TO DO:
The part below that opens with the line containing "Interesantemente, los siguientes" and closes with the line containing "Dress your chefs" should be copied exactly, minus any pictures.

RECORDS FOR PROCESSING:

_ _ _

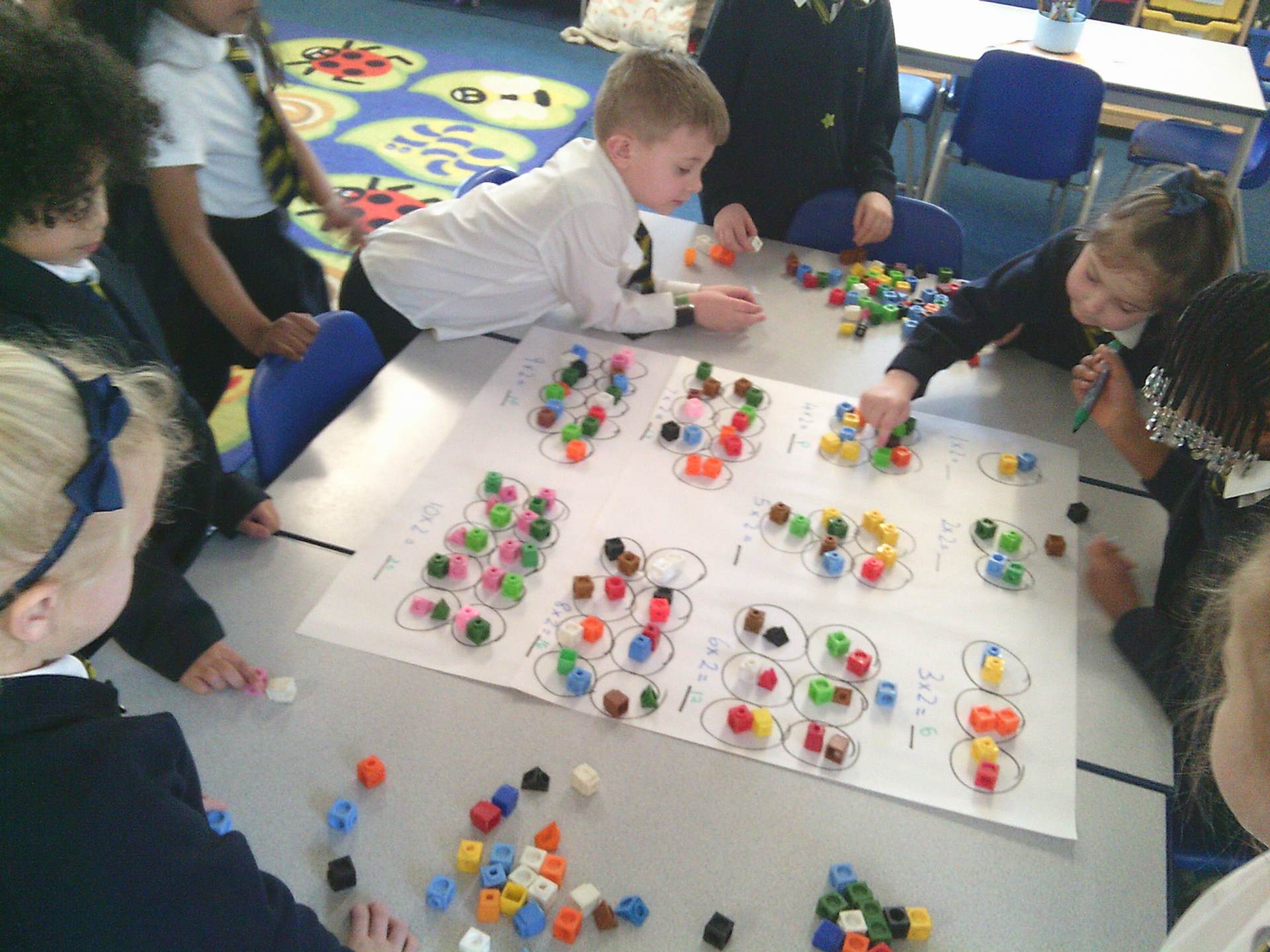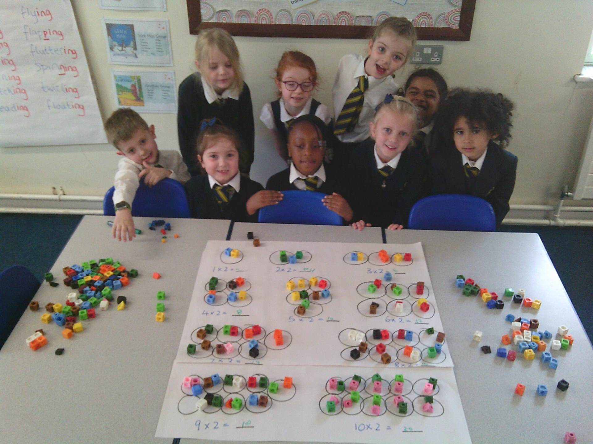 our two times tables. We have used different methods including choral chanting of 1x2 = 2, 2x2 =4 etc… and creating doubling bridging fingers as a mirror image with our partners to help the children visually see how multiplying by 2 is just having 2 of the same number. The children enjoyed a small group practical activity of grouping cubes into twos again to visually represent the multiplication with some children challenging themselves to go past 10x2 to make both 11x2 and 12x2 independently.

_ _ _

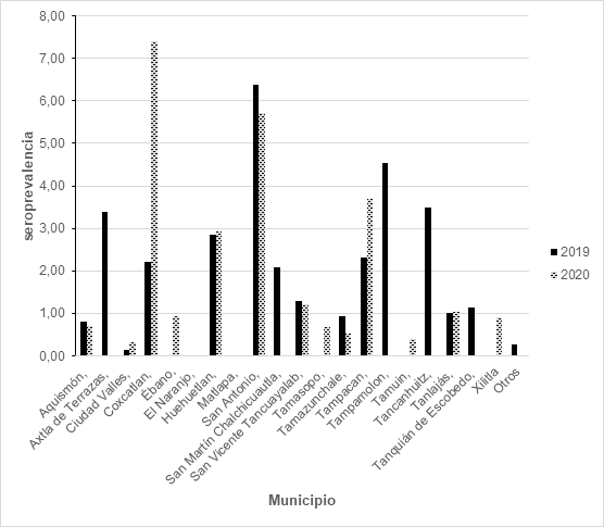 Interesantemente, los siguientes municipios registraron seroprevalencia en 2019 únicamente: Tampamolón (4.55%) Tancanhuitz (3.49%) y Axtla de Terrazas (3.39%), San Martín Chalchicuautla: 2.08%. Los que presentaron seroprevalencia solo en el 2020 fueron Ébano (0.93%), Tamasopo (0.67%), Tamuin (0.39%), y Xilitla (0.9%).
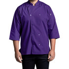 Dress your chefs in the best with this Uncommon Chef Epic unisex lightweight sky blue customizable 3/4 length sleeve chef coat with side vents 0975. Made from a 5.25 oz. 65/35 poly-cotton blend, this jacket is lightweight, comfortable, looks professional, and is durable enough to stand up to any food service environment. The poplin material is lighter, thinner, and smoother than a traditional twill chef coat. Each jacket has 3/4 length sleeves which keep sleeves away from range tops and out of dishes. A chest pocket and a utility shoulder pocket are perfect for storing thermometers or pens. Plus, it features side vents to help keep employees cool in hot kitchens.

_ _ _

TASK RESPONSE:
 Interesantemente, los siguientes municipios registraron seroprevalencia en 2019 únicamente: Tampamolón (4.55%) Tancanhuitz (3.49%) y Axtla de Terrazas (3.39%), San Martín Chalchicuautla: 2.08%. Los que presentaron seroprevalencia solo en el 2020 fueron Ébano (0.93%), Tamasopo (0.67%), Tamuin (0.39%), y Xilitla (0.9%).
 Dress your chefs in the best with this Uncommon Chef Epic unisex lightweight sky blue customizable 3/4 length sleeve chef coat with side vents 0975. Made from a 5.25 oz. 65/35 poly-cotton blend, this jacket is lightweight, comfortable, looks professional, and is durable enough to stand up to any food service environment. The poplin material is lighter, thinner, and smoother than a traditional twill chef coat. Each jacket has 3/4 length sleeves which keep sleeves away from range tops and out of dishes. A chest pocket and a utility shoulder pocket are perfect for storing thermometers or pens. Plus, it features side vents to help keep employees cool in hot kitchens.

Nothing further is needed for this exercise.